ACTIVITY:
What you return must match the records word for word, except that pictures are dropped.

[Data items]
- - - - -

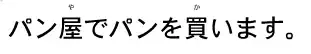 In the given image, ~や (~屋, regular や)is a suffix that means shop. So bread shop → bakery. In this case, で marks the location where an action takes place. So the given image reads, more or less, I buy bread at the bakery. Two more examples
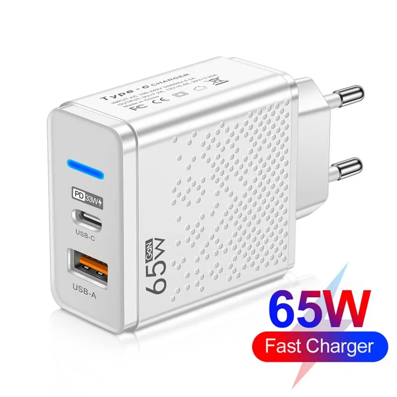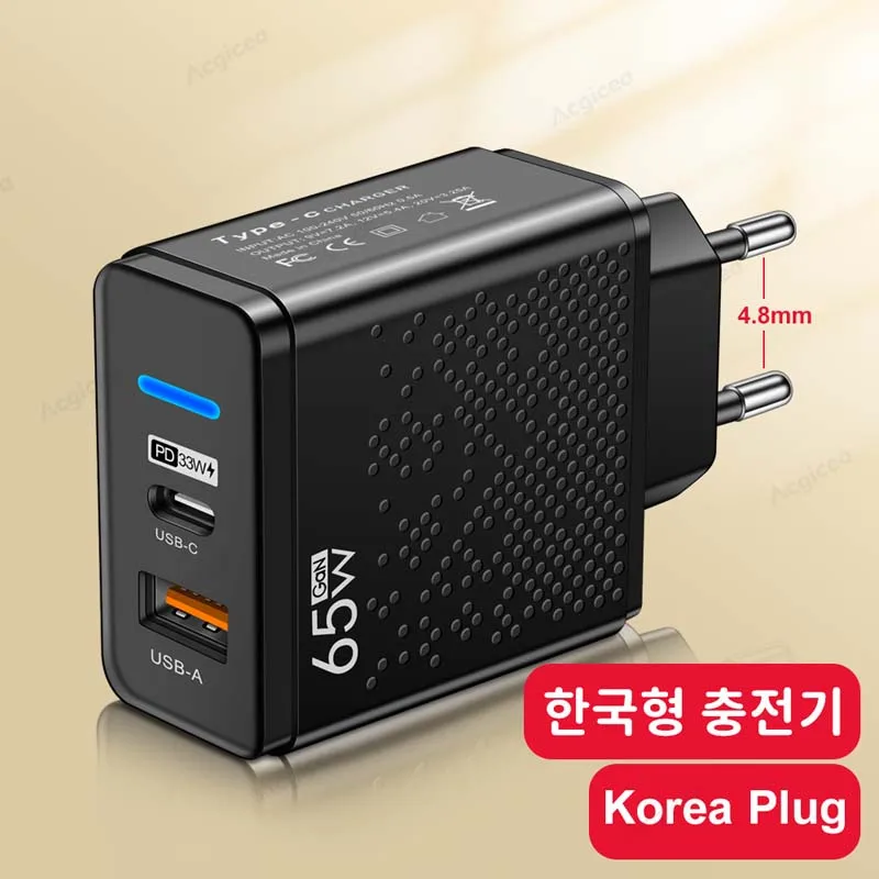 Cargador USB PD3.0 de 65W, adaptador de carga rápida para iPhone Samsung KR/EU/US/UK, cargador de pared para teléfono móvil, cargador USB tipo C
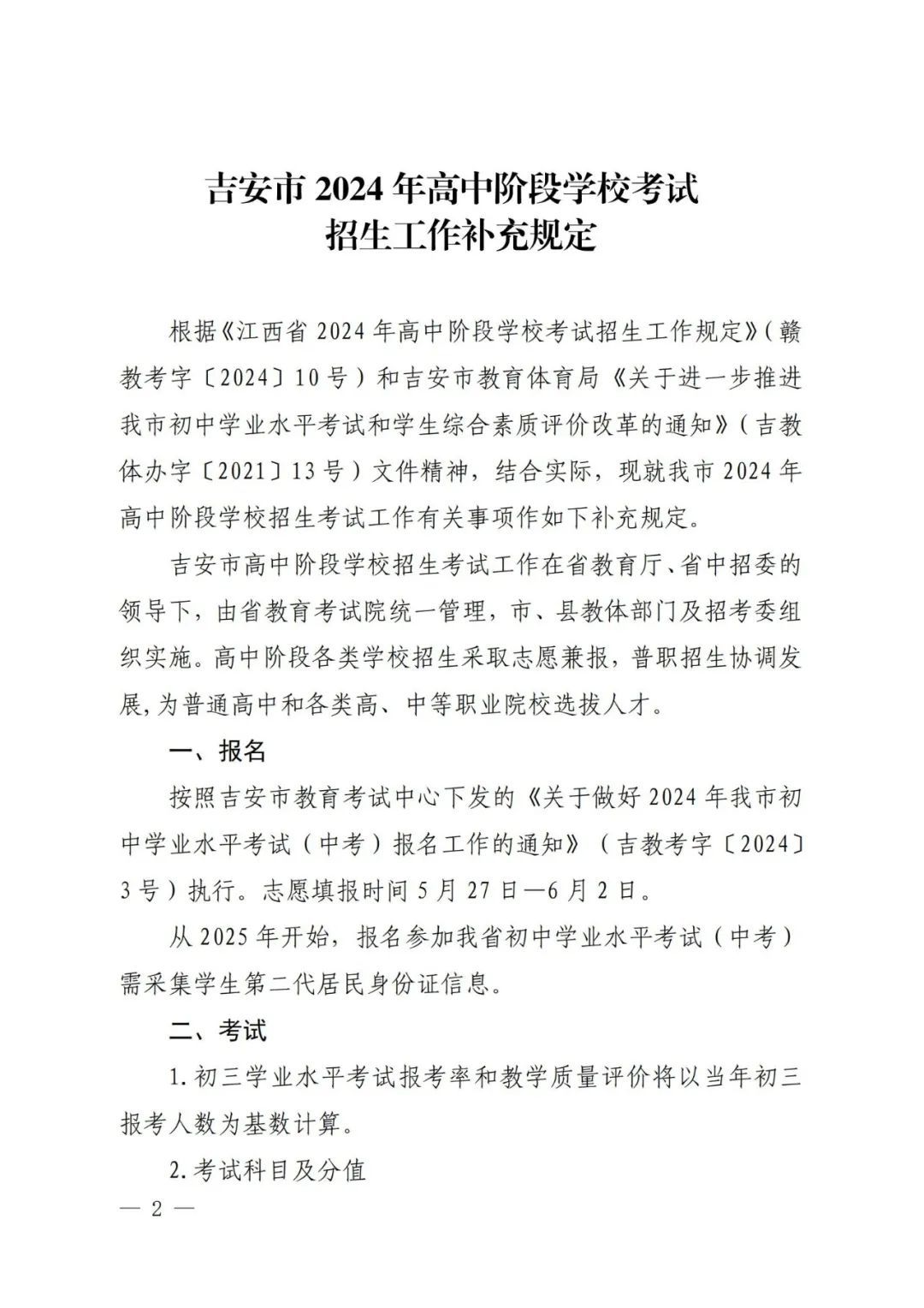 按照《关于做好江西省2024年初中学业水平考试(中考)报名工作的通知》(赣考院中〔2024〕2号)和我市报名工作文件执行。
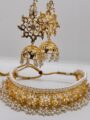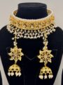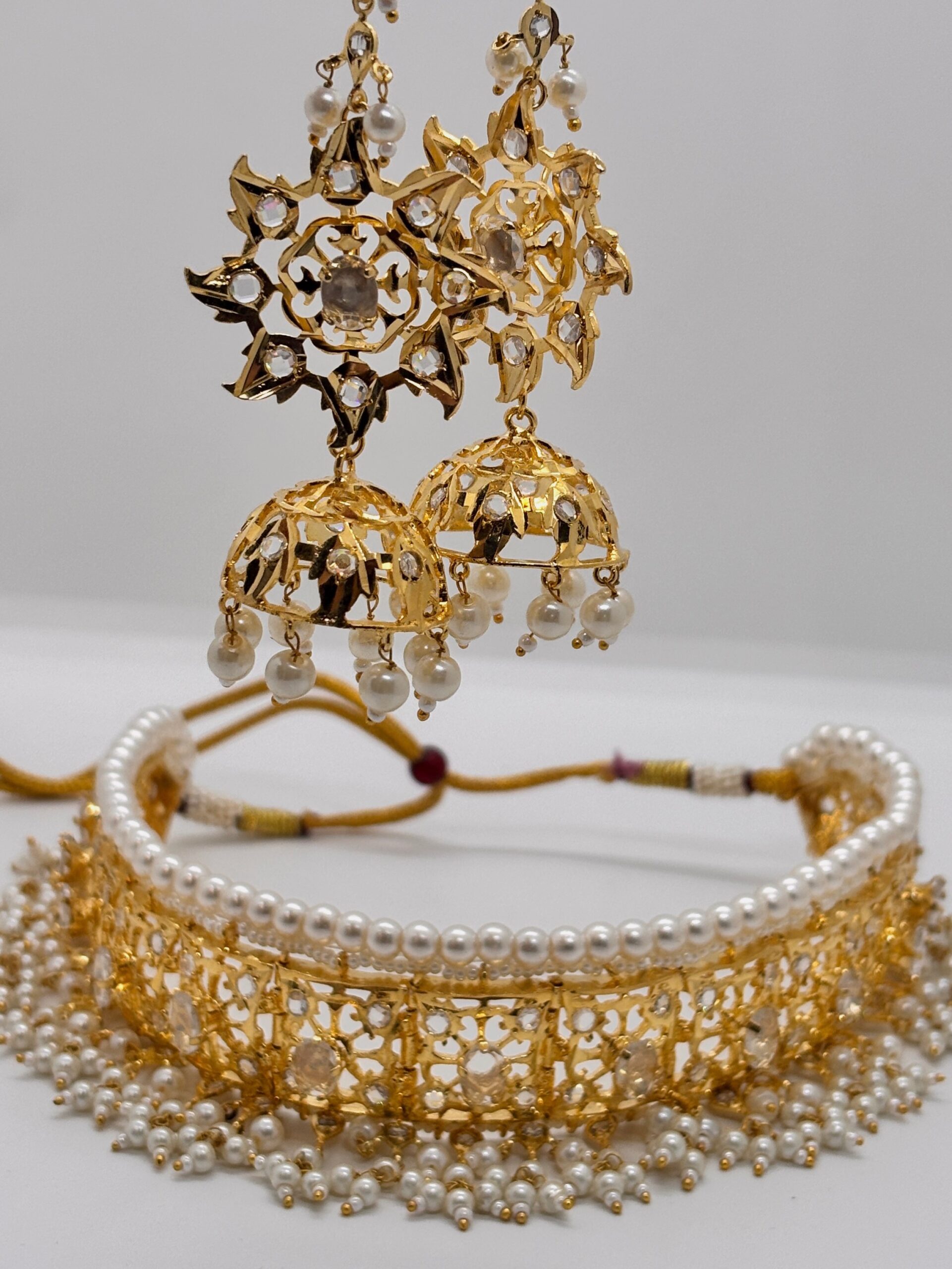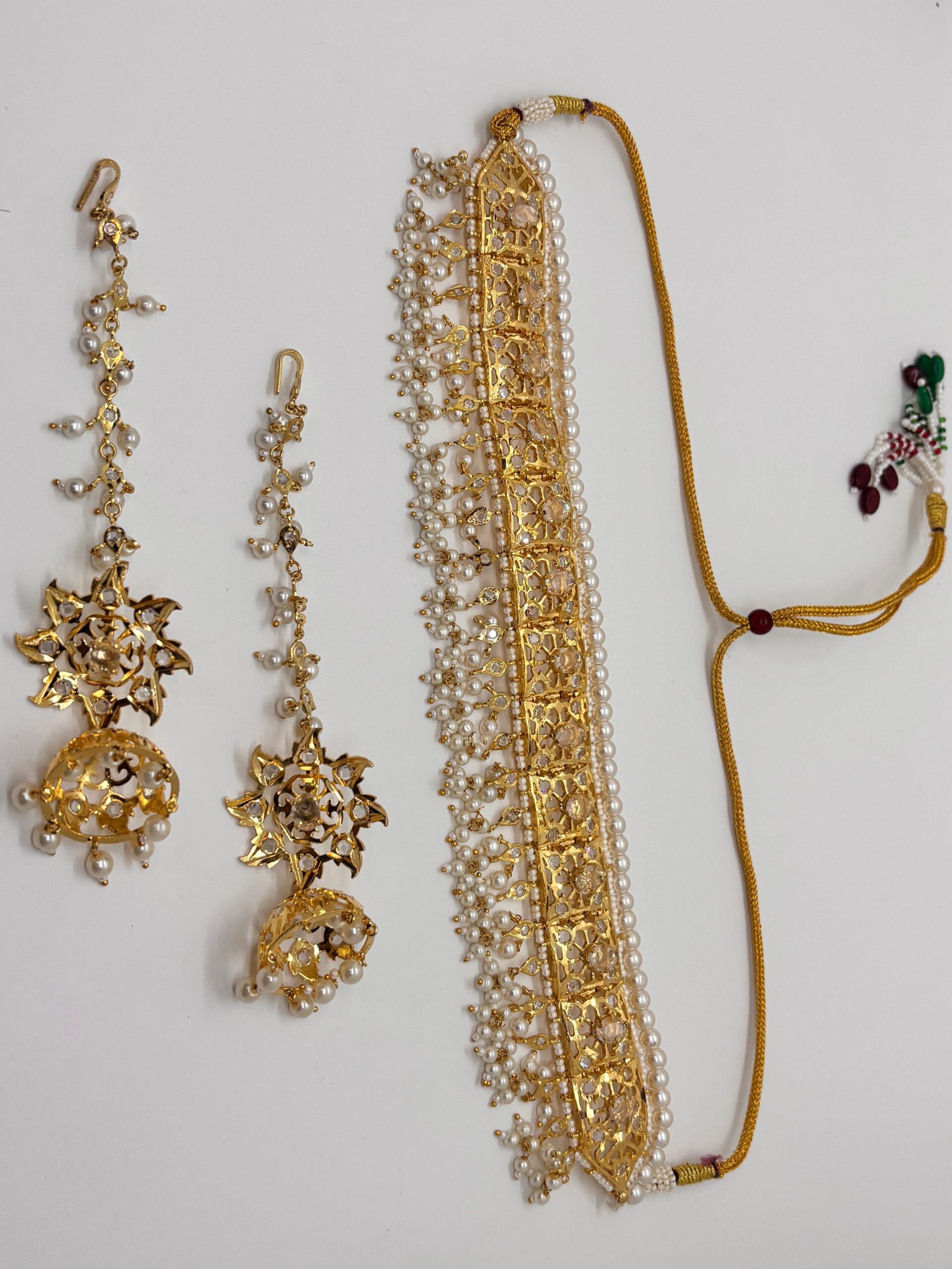 A timeless ode to regal Nizami craftsmanship, this exquisite Nizami Lachha features intricate gold-plated jaali work adorned with delicate pearl clusters. The broad lachha design sits gracefully on the neckline, exuding old-world charm and royal elegance. Paired with matching handcrafted karanphool, this set is perfect for brides and festive occasions that call for grandeur.
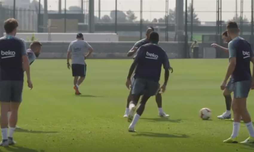 تمريرات مستمرة من لاعبي برشلونة بعرض الملعب في منتصف ملعب فريق ريال سوسيداد.
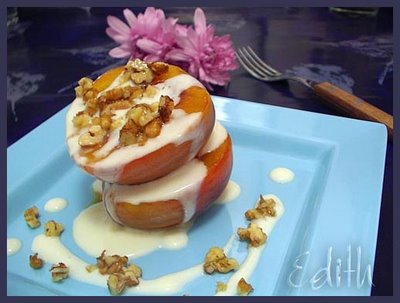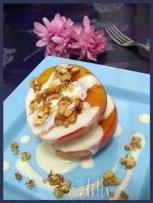 Puneti piersicile pe o farfurie, turnati iaurt deasupra si apoi
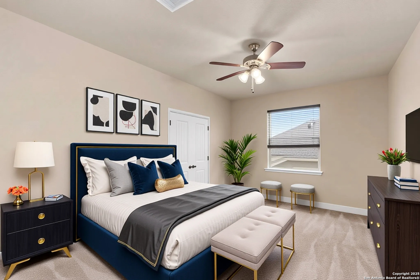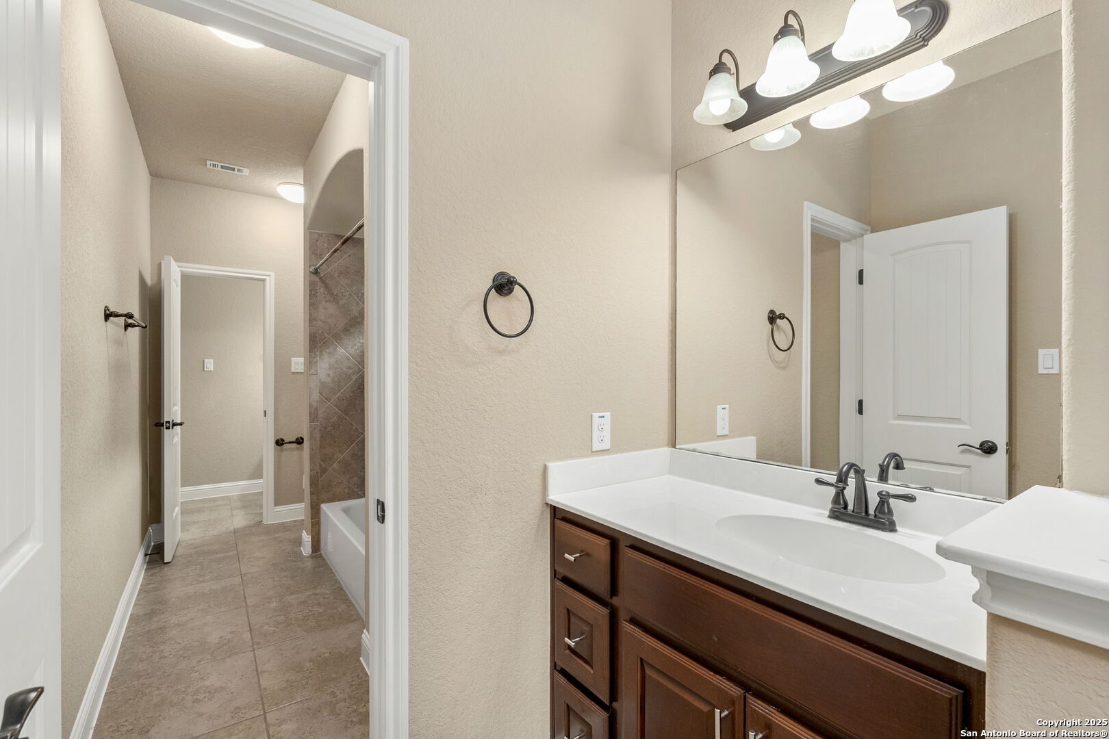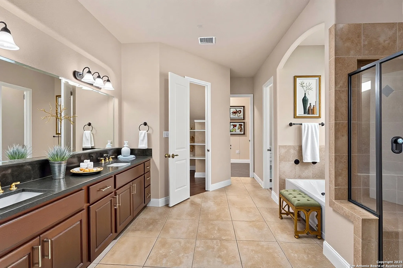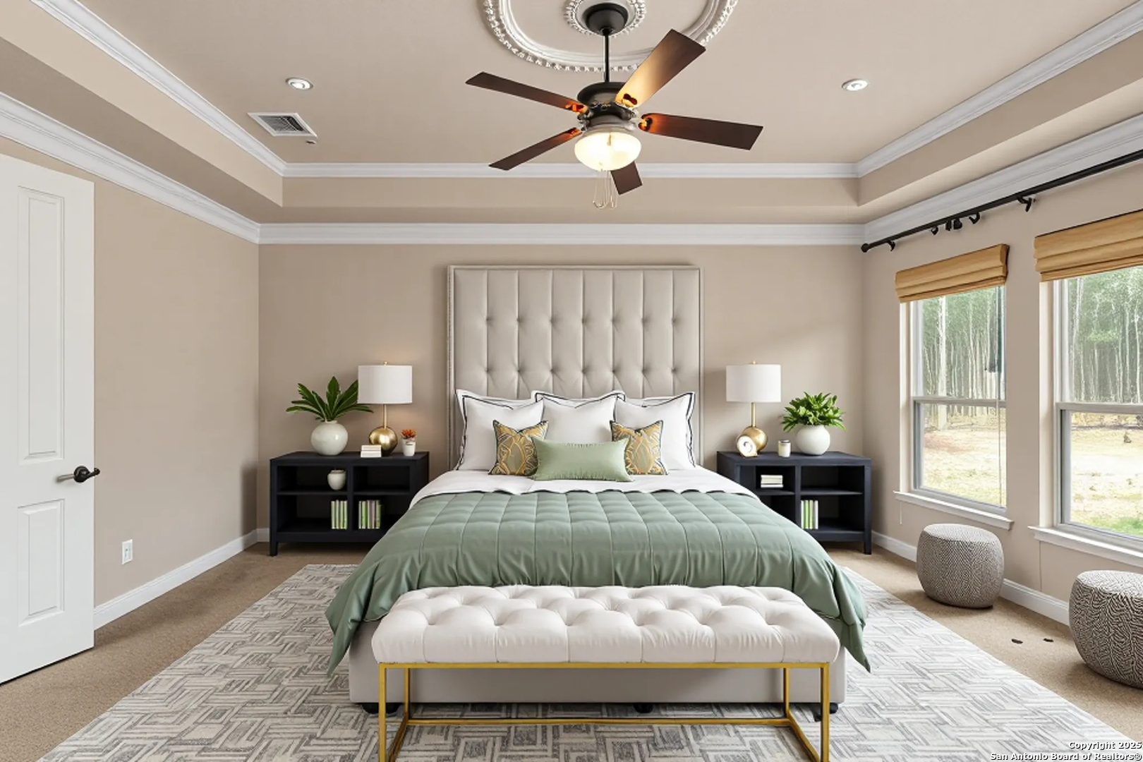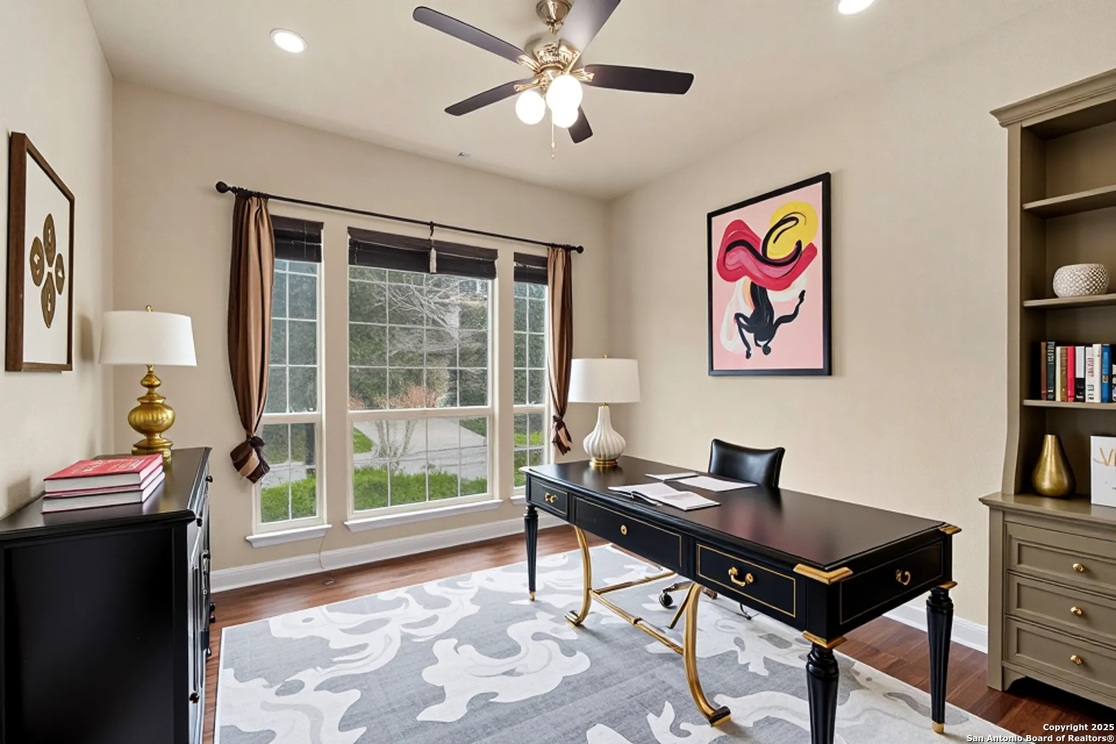 Stunning executive home in the prestigious gated community of Terra Bella! This spacious 4-bed, 3.5-bath residence offers over 4,000 sq. ft. of luxurious living space with a grand two-story entry, Juliet balconies, and an elegant stone/brick exterior. Enjoy a chef's kitchen featuring granite countertops, built-in stainless steel appliances, gas cooking, large island, and upgraded cabinetry with crown molding and under-cabinet lighting. The spacious primary suite is located downstairs and includes his-and-hers closets and an upgraded walk-in shower. Upstairs, find a large game room, media room, and two bedrooms with a Jack-and-Jill bath. Another spacious bedroom separate from the others. A dedicated study, formal dining room with courtyard access, and open-concept living areas complete the interior. Outdoor living shines with a 15x19 covered patio with fireplace, sink, stainless steel grill, and cedar ceiling-plus a large 17x14 exterior storage area. Additional features include Elfa shelving in closets, pre-wired surround sound, water softener with reverse osmosis, two fireplaces, high ceilings, and a two-car garage. Located in highly rated NEISD and fantastic neighborhood amenities: pool, clubhouse, park & playground. Welcome home!

- - - - -

RESULT OF THE TASK:
 In the given image, ~や (~屋, regular や)is a suffix that means shop. So bread shop → bakery. In this case, で marks the location where an action takes place. So the given image reads, more or less, I buy bread at the bakery. Two more examples
 Cargador USB PD3.0 de 65W, adaptador de carga rápida para iPhone Samsung KR/EU/US/UK, cargador de pared para teléfono móvil, cargador USB tipo C
 按照《关于做好江西省2024年初中学业水平考试(中考)报名工作的通知》(赣考院中〔2024〕2号)和我市报名工作文件执行。
 A timeless ode to regal Nizami craftsmanship, this exquisite Nizami Lachha features intricate gold-plated jaali work adorned with delicate pearl clusters. The broad lachha design sits gracefully on the neckline, exuding old-world charm and royal elegance. Paired with matching handcrafted karanphool, this set is perfect for brides and festive occasions that call for grandeur.
 تمريرات مستمرة من لاعبي برشلونة بعرض الملعب في منتصف ملعب فريق ريال سوسيداد.
 Puneti piersicile pe o farfurie, turnati iaurt deasupra si apoi
 Stunning executive home in the prestigious gated community of Terra Bella! This spacious 4-bed, 3.5-bath residence offers over 4,000 sq. ft. of luxurious living space with a grand two-story entry, Juliet balconies, and an elegant stone/brick exterior. Enjoy a chef's kitchen featuring granite countertops, built-in stainless steel appliances, gas cooking, large island, and upgraded cabinetry with crown molding and under-cabinet lighting. The spacious primary suite is located downstairs and includes his-and-hers closets and an upgraded walk-in shower. Upstairs, find a large game room, media room, and two bedrooms with a Jack-and-Jill bath. Another spacious bedroom separate from the others. A dedicated study, formal dining room with courtyard access, and open-concept living areas complete the interior. Outdoor living shines with a 15x19 covered patio with fireplace, sink, stainless steel grill, and cedar ceiling-plus a large 17x14 exterior storage area. Additional features include Elfa shelving in closets, pre-wired surround sound, water softener with reverse osmosis, two fireplaces, high ceilings, and a two-car garage. Located in highly rated NEISD and fantastic neighborhood amenities: pool, clubhouse, park & playground. Welcome home!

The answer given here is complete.